When we set aside time in our day to attend an event with a particular speaker, we must consider the selection and approval by a segment of the campus community of this person. Broadly speaking, it seems safe to assume that this individual has made statements and commitments that evoke positive responses, at least somewhere. This, by the way, represents the basis for arguments favoring ideological diversity: that, absent a broad and representative distribution of political perspectives, our exposure to deviant, but potentially insightful, ideas will be curtailed. 

If this line of reasoning represents a genuine dedication to self-improvement, via an occasional exodus from one’s conceptual comfort zone, then it will take much more than vibrant disagreements about isolated issues; instead, voices must be elevated and heard that do not conform to the conventions expected by the middle-of-the-road orthodoxy of mainstream, respectable discourse.

What is it that allows us to take a particular speaker seriously enough to slice those precious hours out of our days, which we constantly protest are packed to a point past bursting asunder? Generally speaking, in other words, why even bother? The mainstream reaction, of course, is that we should make maximum use of our cosmopolitan environment, that we should make ourselves noticeable and impressive in the eyes of the particular movers and shakers in whose shoes we might aspire to eventually step. Such rhetoric is characteristic of a very particular regime of titular esteem. That is to say, we elevate credentials and affiliations over the specific accomplishments that supposedly distinguish the individual under consideration.
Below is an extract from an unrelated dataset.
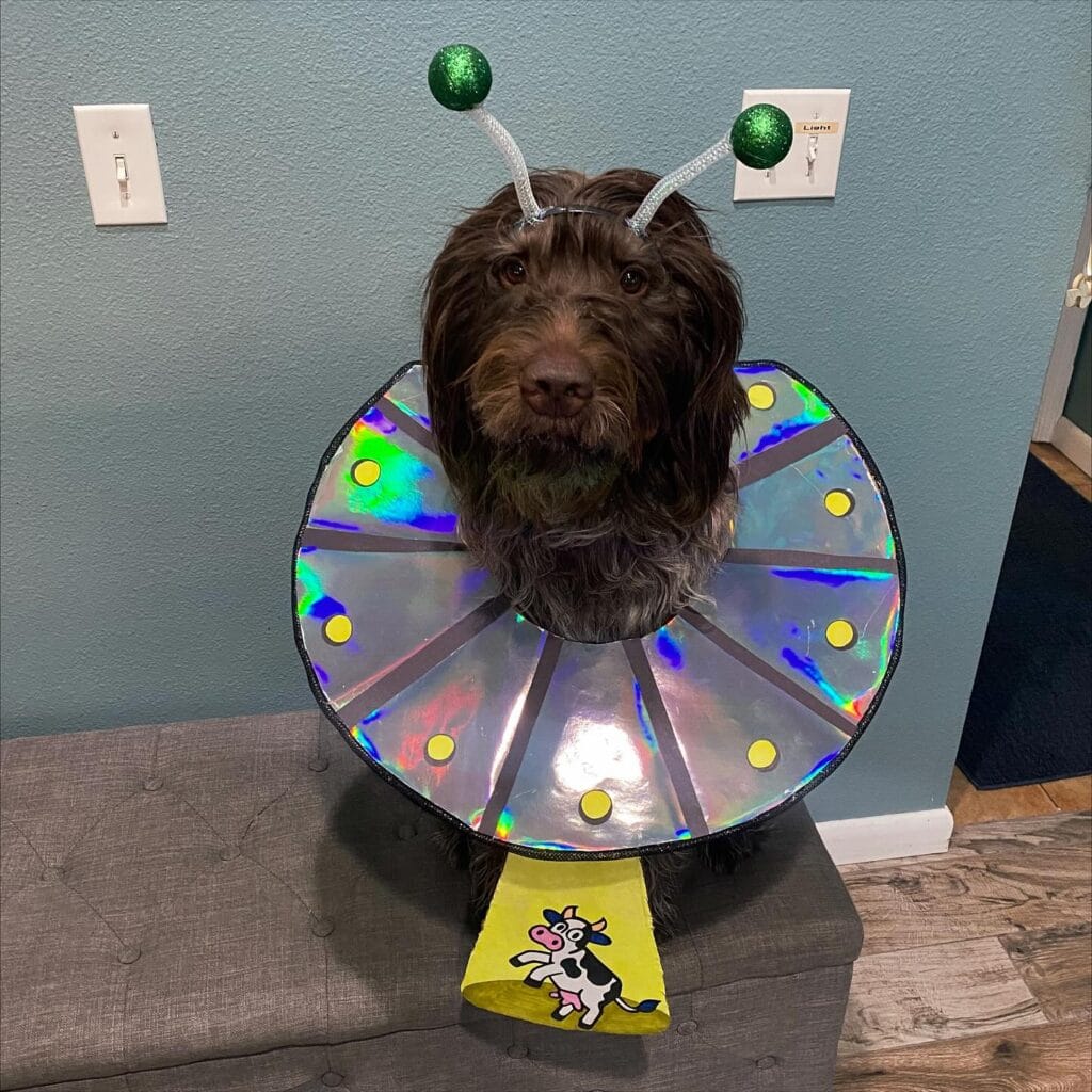 This UFO costume is genuinely one of my favorites I’ve ever seen. A dark, curly-haired pup wearing a holographic silver flying saucer collar, green glitter alien antennae, and a yellow tractor beam dangling a cartoon cow underneath? I died. My cousin made something similar for her lab last fall and it stopped traffic at the neighborhood parade.

But it tends to be the case that these people are where they are precisely because they do not play distinctive or revolutionary roles; rather, they have had the good, self-preserving sense to refrain from rocking the boat too aggressively. This is not a categorical case against stability, but with the understanding that institutions have assumptions that gain momentum over time, those who serve as their heralds and figureheads must be identified with those assumptions. The values that flow from these structures, despite what their advocates might profess, are no more factual than those voiced by their opponents.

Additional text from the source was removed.